►

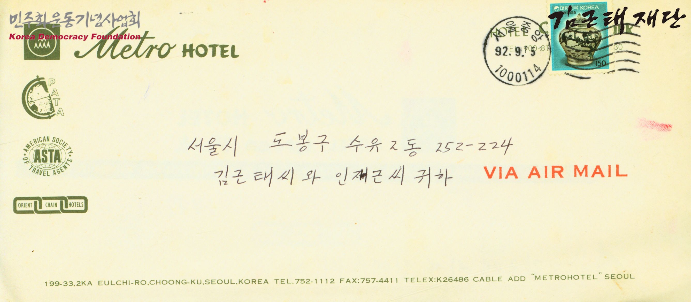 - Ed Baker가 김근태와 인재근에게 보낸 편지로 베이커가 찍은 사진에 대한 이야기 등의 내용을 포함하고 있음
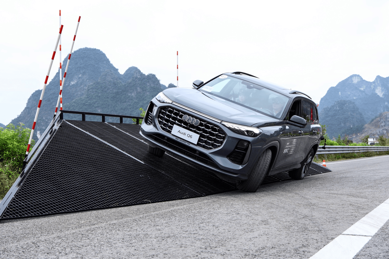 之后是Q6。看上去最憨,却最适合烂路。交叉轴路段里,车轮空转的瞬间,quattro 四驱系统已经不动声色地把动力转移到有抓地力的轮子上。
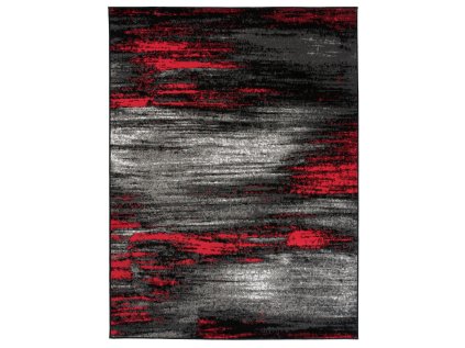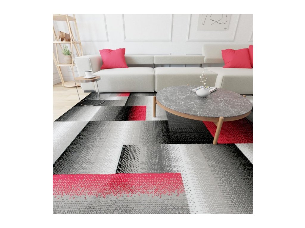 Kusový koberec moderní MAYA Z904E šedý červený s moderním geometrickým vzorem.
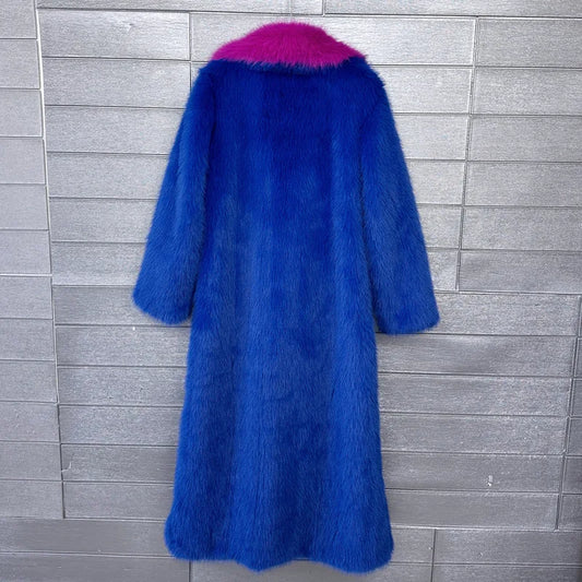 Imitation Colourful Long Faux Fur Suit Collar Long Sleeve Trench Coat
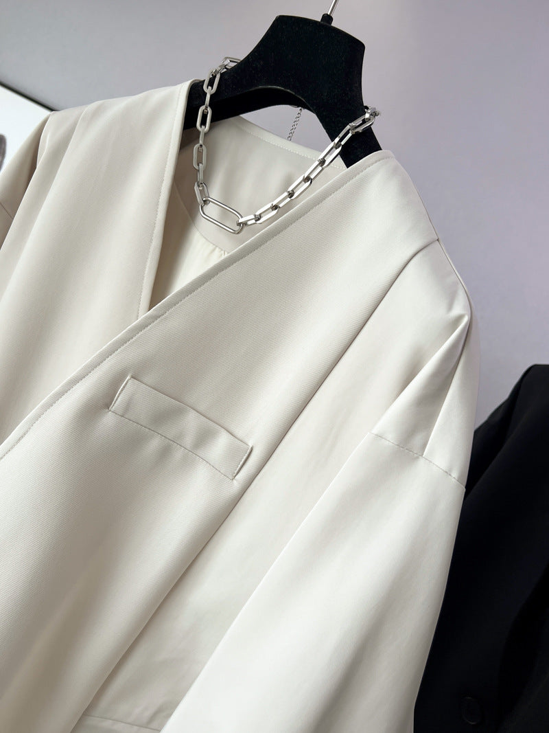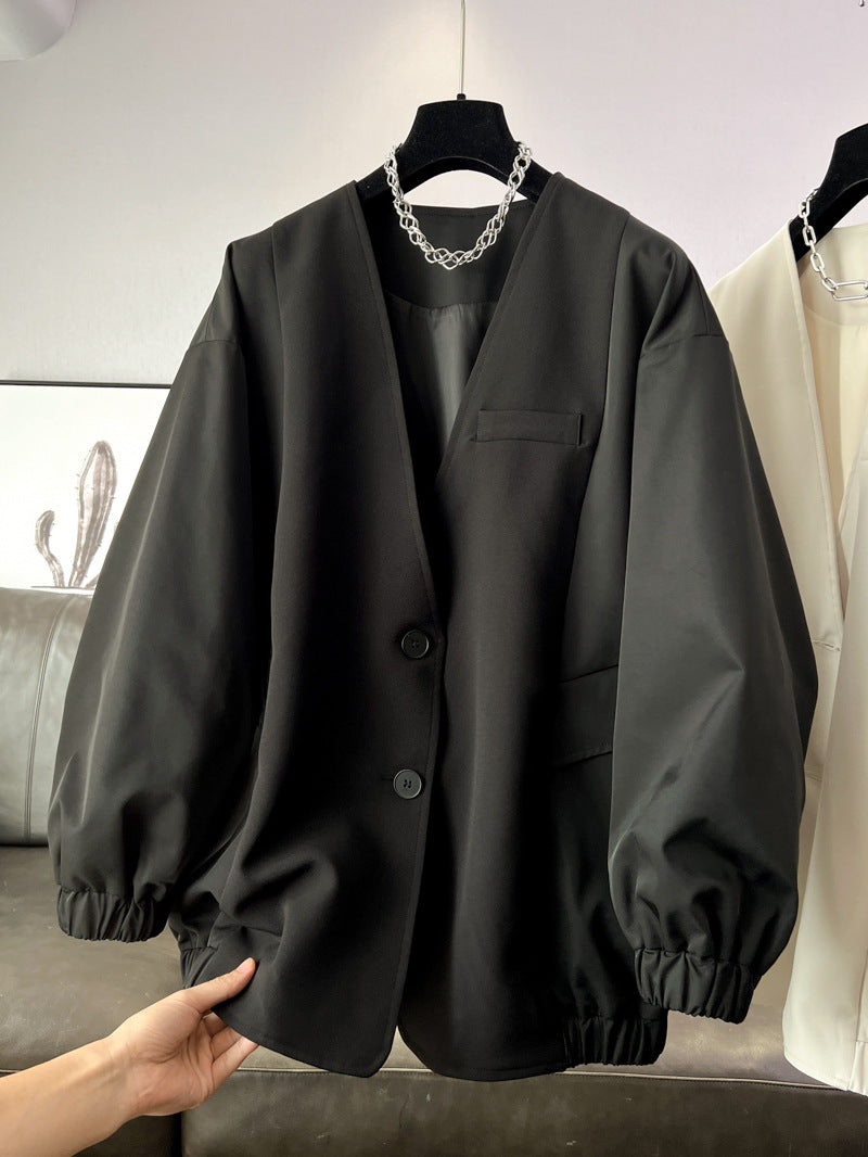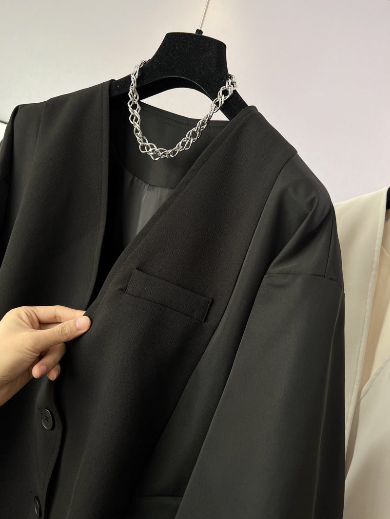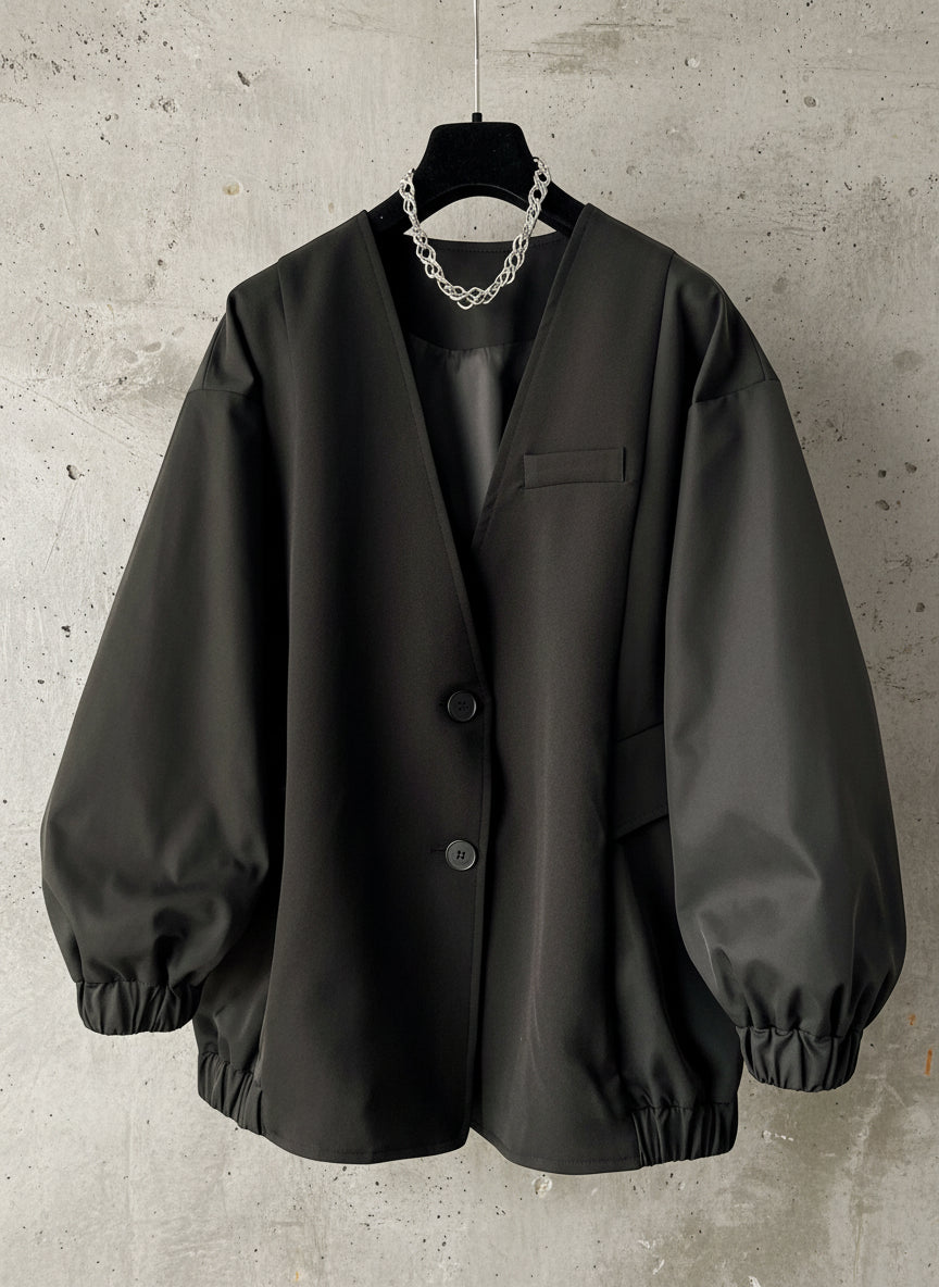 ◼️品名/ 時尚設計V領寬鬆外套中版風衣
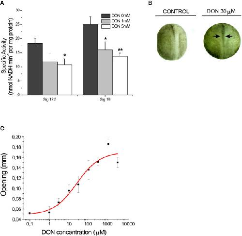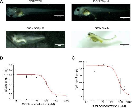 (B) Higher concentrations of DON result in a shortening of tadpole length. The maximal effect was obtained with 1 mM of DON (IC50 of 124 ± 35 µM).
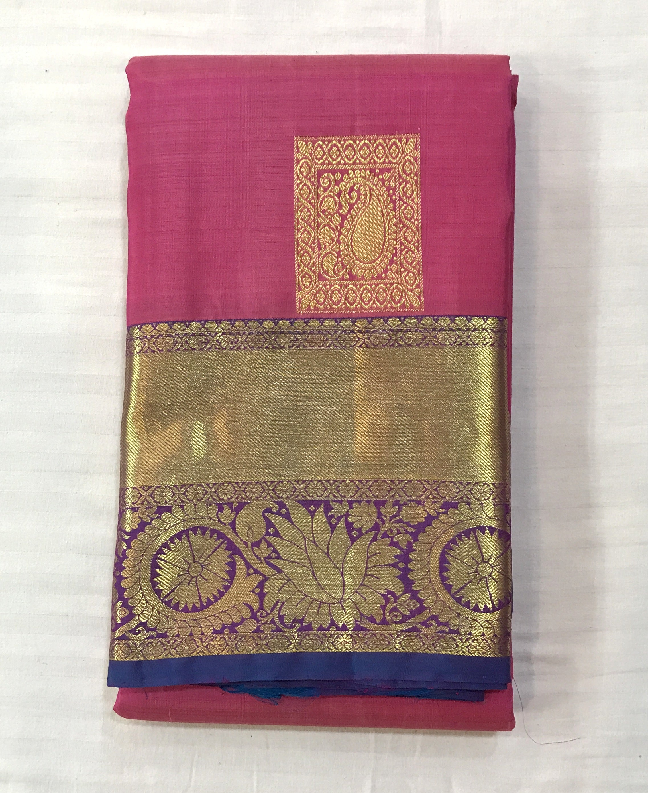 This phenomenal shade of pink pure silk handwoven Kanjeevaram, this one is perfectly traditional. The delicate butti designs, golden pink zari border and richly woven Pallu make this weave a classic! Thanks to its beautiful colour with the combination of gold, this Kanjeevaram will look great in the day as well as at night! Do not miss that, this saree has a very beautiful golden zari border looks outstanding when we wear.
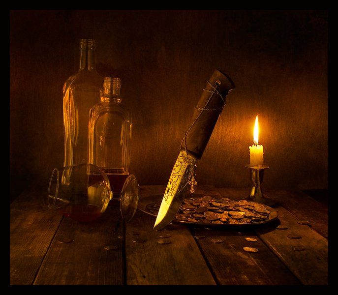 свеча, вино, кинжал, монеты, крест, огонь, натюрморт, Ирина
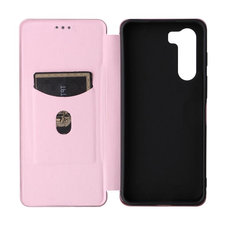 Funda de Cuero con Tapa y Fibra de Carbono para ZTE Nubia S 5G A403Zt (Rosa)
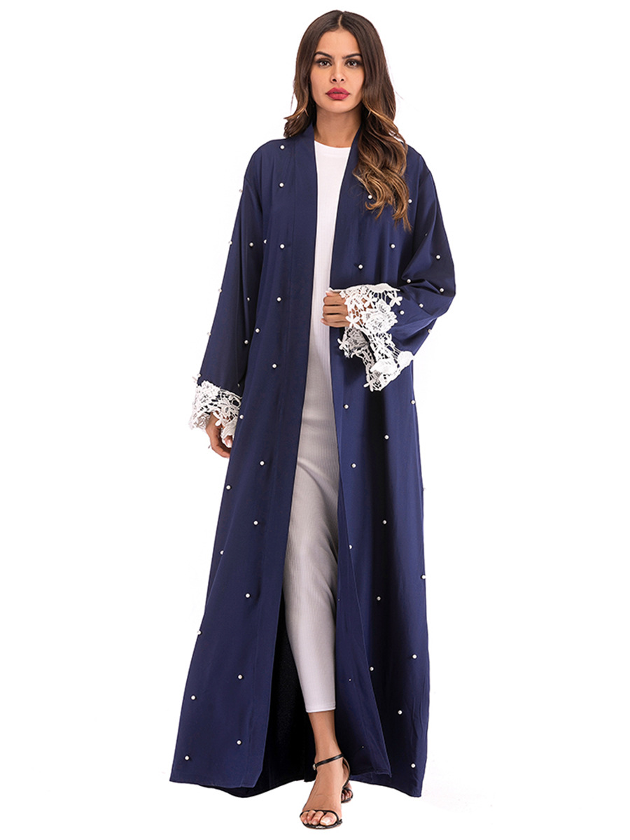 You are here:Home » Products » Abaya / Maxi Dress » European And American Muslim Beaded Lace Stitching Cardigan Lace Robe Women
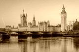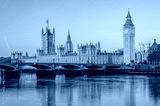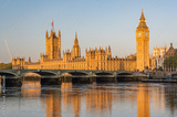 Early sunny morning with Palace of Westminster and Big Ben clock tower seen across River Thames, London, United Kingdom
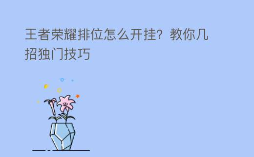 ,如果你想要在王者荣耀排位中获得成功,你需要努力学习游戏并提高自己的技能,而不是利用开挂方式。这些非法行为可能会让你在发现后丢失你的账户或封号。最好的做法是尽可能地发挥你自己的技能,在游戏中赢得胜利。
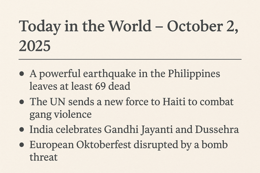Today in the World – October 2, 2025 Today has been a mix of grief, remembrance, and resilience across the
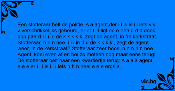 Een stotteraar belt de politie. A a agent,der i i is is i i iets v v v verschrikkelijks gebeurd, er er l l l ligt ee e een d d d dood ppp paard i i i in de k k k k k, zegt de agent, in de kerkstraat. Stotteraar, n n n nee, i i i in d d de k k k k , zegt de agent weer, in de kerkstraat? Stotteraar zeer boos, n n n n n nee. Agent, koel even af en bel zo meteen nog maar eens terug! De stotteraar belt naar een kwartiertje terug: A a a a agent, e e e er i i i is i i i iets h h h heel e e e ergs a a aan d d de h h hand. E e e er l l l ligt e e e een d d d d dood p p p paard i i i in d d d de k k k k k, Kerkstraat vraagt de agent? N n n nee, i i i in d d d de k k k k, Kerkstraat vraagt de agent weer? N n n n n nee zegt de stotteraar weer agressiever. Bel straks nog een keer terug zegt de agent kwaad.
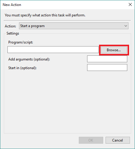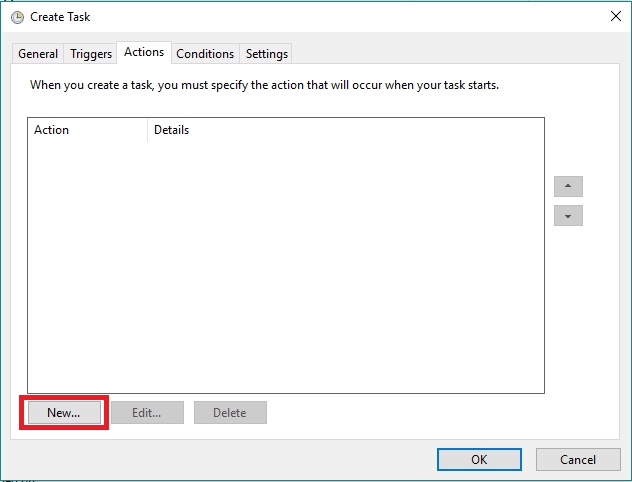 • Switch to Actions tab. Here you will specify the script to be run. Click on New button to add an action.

◄

* EXERCISE *
Look above for the line containing "(B) Higher concentrations" and the line containing "You are here:Home", then reproduce both and everything between them exactly, pictures omitted.

* SOLUTION TO THIS TASK *
 (B) Higher concentrations of DON result in a shortening of tadpole length. The maximal effect was obtained with 1 mM of DON (IC50 of 124 ± 35 µM).
 This phenomenal shade of pink pure silk handwoven Kanjeevaram, this one is perfectly traditional. The delicate butti designs, golden pink zari border and richly woven Pallu make this weave a classic! Thanks to its beautiful colour with the combination of gold, this Kanjeevaram will look great in the day as well as at night! Do not miss that, this saree has a very beautiful golden zari border looks outstanding when we wear.
 свеча, вино, кинжал, монеты, крест, огонь, натюрморт, Ирина
 Funda de Cuero con Tapa y Fibra de Carbono para ZTE Nubia S 5G A403Zt (Rosa)
 You are here:Home » Products » Abaya / Maxi Dress » European And American Muslim Beaded Lace Stitching Cardigan Lace Robe Women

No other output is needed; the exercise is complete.